A (deceptively tricky?) Python question

[noaharc]

I am writing a Scrabble AI, and I want to handle blank tiles. Right now, I want to expand a string containing blank tiles into a list of strings composed of words created by all possible interpretations of the blanks.

So, "H_LLO" ==> ["HALLO", "HBLLO", ... "HZLLO"] (length is 26)

However, Scrabble has 2 blank tiles, so I can't just do a simple for loop and replace.

For example, "H_LL_" ==> ["HALLA", "HALLB", ... "HBLLA", ... "HZLLZ"] (length is 26x26 = 676)

What is the cleanest way to do this? The best I could come up with is the following, but I don't much like it:

  import re
  from itertools import product

  w = "H_LL_"
  expanded = []
  product_args = list()
  for _ in xrange(w.count("_")):
      product_args.append( map(chr, range(65, 91)) )
  for repl_str in product(*tuple(product_args)):
      wtemp = w
      for c in repl_str:
          wtemp = re.sub('_', c, wtemp)
      expanded.append(wtemp)

[aviv]

Try this for when you need to fill 2 blank tiles:

  import string
  from itertools import product
  
  w = "H_LL_"
  w_fmt = w.replace('_', '%s')
  
  product_args = [list(string.uppercase)] * 2
  
  expanded = [w_fmt % repl for repl in product(*product_args)]

[fragmede]

(requires python2.6 - http://docs.python.org/library/itertools.html#itertools.prod... )

[noaharc]

Many thanks! I'm using it now.

[what]

Do you want to just find dictionary words based on board configuration and a bench? Typically they build a Directed Acyclic Word Graph from the dictionary and then you can just traverse the graph.

So for your example, you start at the H node and follow all paths. Then follow the L path if it exists. Then follow the next L path. Then follow all paths from that node. Then check if the word has ended.

[drallison]

Here's another way to do this in Python.

   lets =  [chr(x) for x in range( ord('a'),ord('z')+1)]

   def blankexpand( templates ):
       expansion = []
       for t in templates:
        expansion = expansion + [t.replace('_',let,1) for let in lets]
       return expansion


   def expand( template ):
        blanktiles = template.count('_')
        if blanktiles == 0:
                print 'nothing to expand'
        elif blanktiles == 1:
                print blankexpand( [template] )
        elif blanktiles == 2:
                print blankexpand( blankexpand( [template] ) )
        else :
                print 'too many blank tiles'
        print


   expand( 'abce' )
   expand( 'a_')
   expand( 'h_ll_')
   expand( '___' )

[CyberFonic]

I would simply use hyphen '-' as well as the underscore '_'.

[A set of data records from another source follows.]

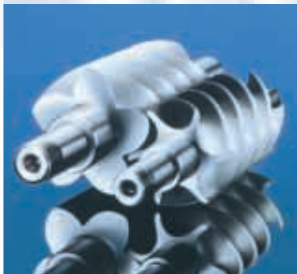
The CompAir screw profile - the result of continuous research and development
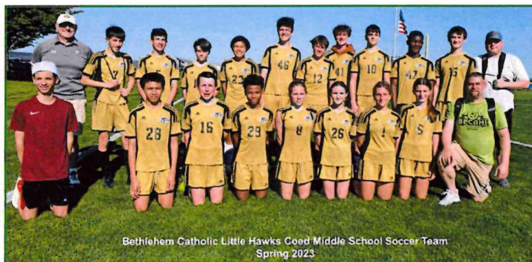
Bethlehem Catholic Little Hawks Coed Middle School Soccer Team Spring 2023

COME AND HAVE FUN PLAYING SOCCER WHILE MEETING YOUR FUTURE HIGH SCHOOL CLASSMATES!
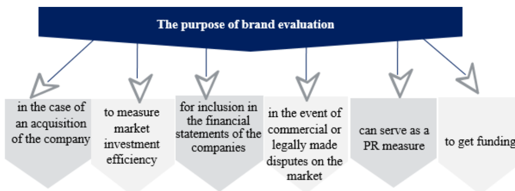
Figure 3- The utility of brand assessment by entities
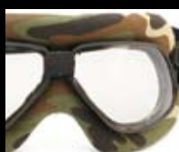
2020 CAMOUFLAGE DESERT FABRIC Black Matt
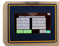
An easy to use interface is provided on a color touchscreen.
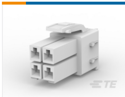
TE Part #177905-1 STD Temp Power Double Lock Plug
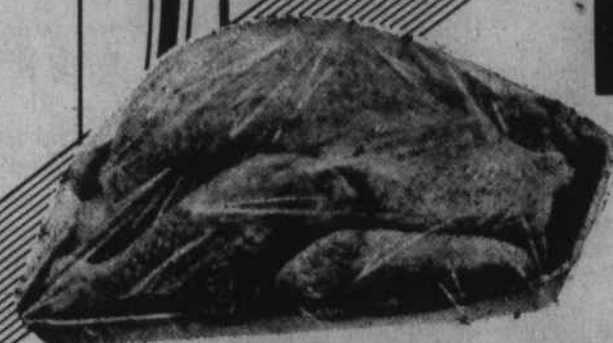
The Way We Looked In 1962
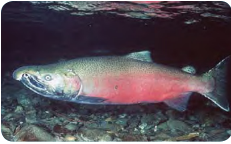
Coho Salmon in the Klamath Basin

(Credit: Klamath Dam Removal Overview, Report for the Secretary of the Interior, 2013)
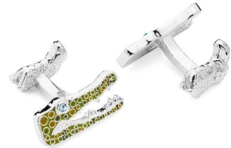
CROCODILE CUFFLINKS With a cowboy boot at the back Green C724
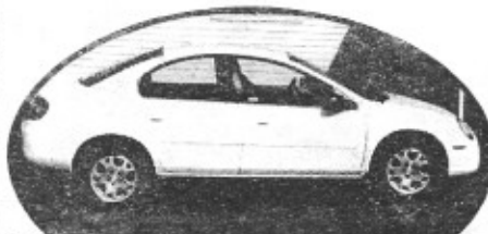
2005 Dodge Neon, 4dr, auto, AC, low miles $8995
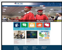
Website Launch! Site Focuses on Students We Serve pg. 3
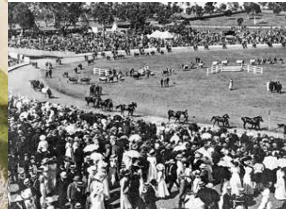
Claremont Showground — Grand Parade, c1905

The school precedes electricity in homes. A power station in Claremont didn't come until 1905.
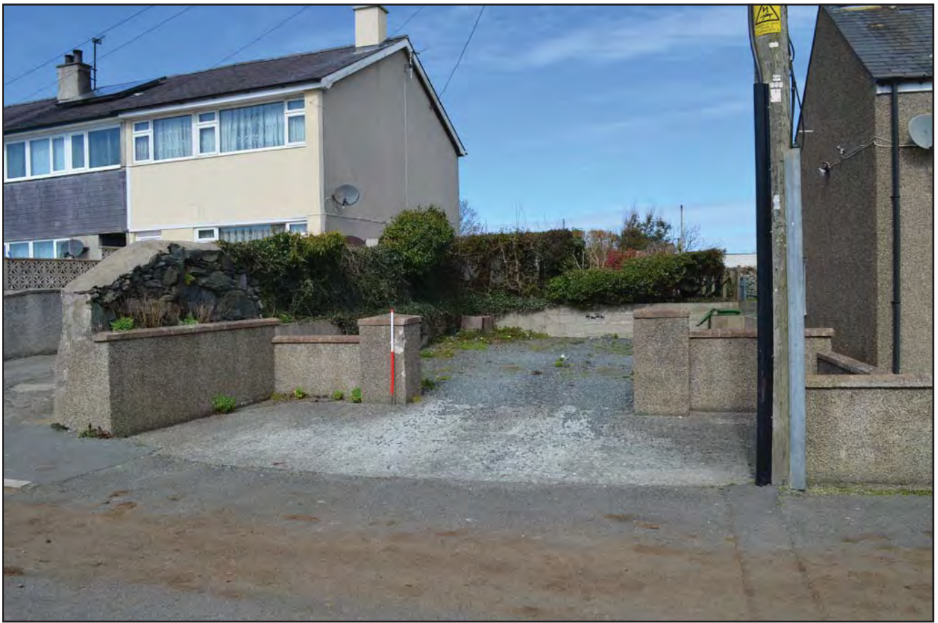
Plate 065: Asset 074, Ardro and SE end of Mona Terrace, viewed from the S.
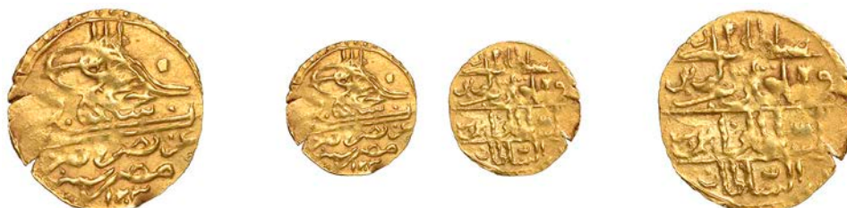
1262 Selim III , Half-Zeri Mahbub, Misr 1203h, ba , 1.28g/12h (Lec. 20; KM 151; ICV 3446). Two edge splits, some minor weakness otherwise very fine, very rare £300-£400

Struck during the French occupation of Egypt; the letter ba is believed to stand for Bonaparte.
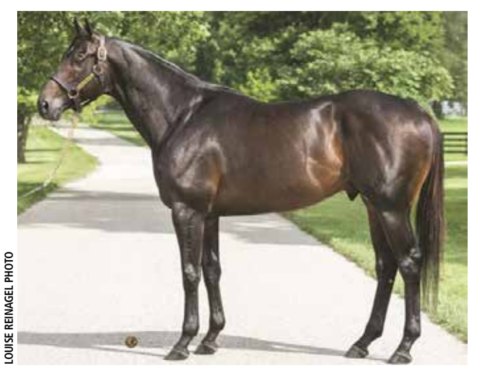
Dark bay or Brown, 2014, Maclean's Music—Quick Temper, by A.P. Indy Standing at Pin Oak Lane, New Freedom, PA. Stud fee: $3,500 LFSN, $3,000 if sending two mares to any Pin Oak Lane stallions, or $2,500 for three or more mares.

Pennsylvania is home to another classic winner as Grade 1 Preakness Stakes-winning Grade 1 sire Cloud Computing has moved from Kentucky to stand his first Pennsylvania season.
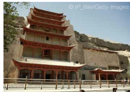
Dunhuang, in Western China, a key point on the Silk Road, home to hundreds of caves featuring early Buddhist art and statues
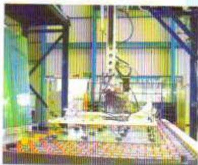
In Process Glass Sheet Handling
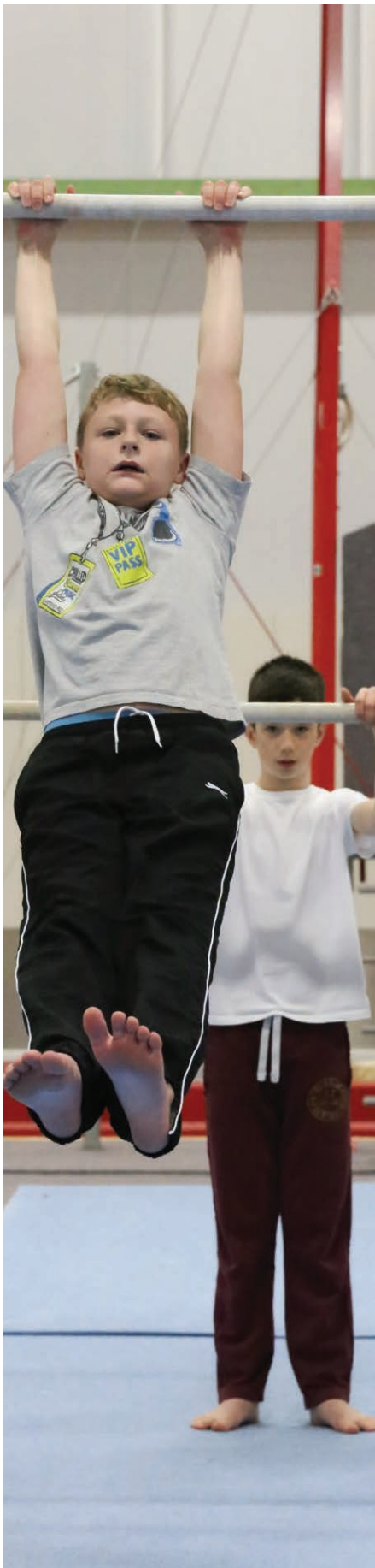
Leisure & Culture Dundee is a Scottish Charitable Incorporated Organisation No. SC042421

Another almost as trivial solution would be to have a string with two blanks and permute away !

[zephjc]

Well, do you really want ALL possibilities, or just valid ones (actual words - HZLLO is not a word)?

If you want all possibilities, I might suggest wrapping it in a function that can lazily return the possibilities one by one as needed (see the yield keyword).

If you want only valid entries, you will probably want something more sophisticated (e.g. a search tree)

[retrogradeorbit]

Yes, if you wanted to only have valid words, this could reduce the search space dramatically. I know it's not python, but if you replaced the '_'s with '.'s just the grep command will be surprisingly quick and powerful.

$ grep -i ^H.LL.$ /usr/share/dict/words

Maybe a similar method using the re module and then matching on your dictionary?

[rlpb]

All possibilities with only two characters is still <1000 combinations. At this sort of small number I'd take a guess and say that it would be quicker to use a slightly less efficient algorithm and let the Python internals do the processing on lists than to iterate at Python level.

The reason is that internal Python operations are orders of magnitude faster than a looping construct where the loop is written in Python.

So I'd have a set for the allowed word list, generate a set of permutations and then ask Python for the intersection, rather than iterating through the permutations on the fly.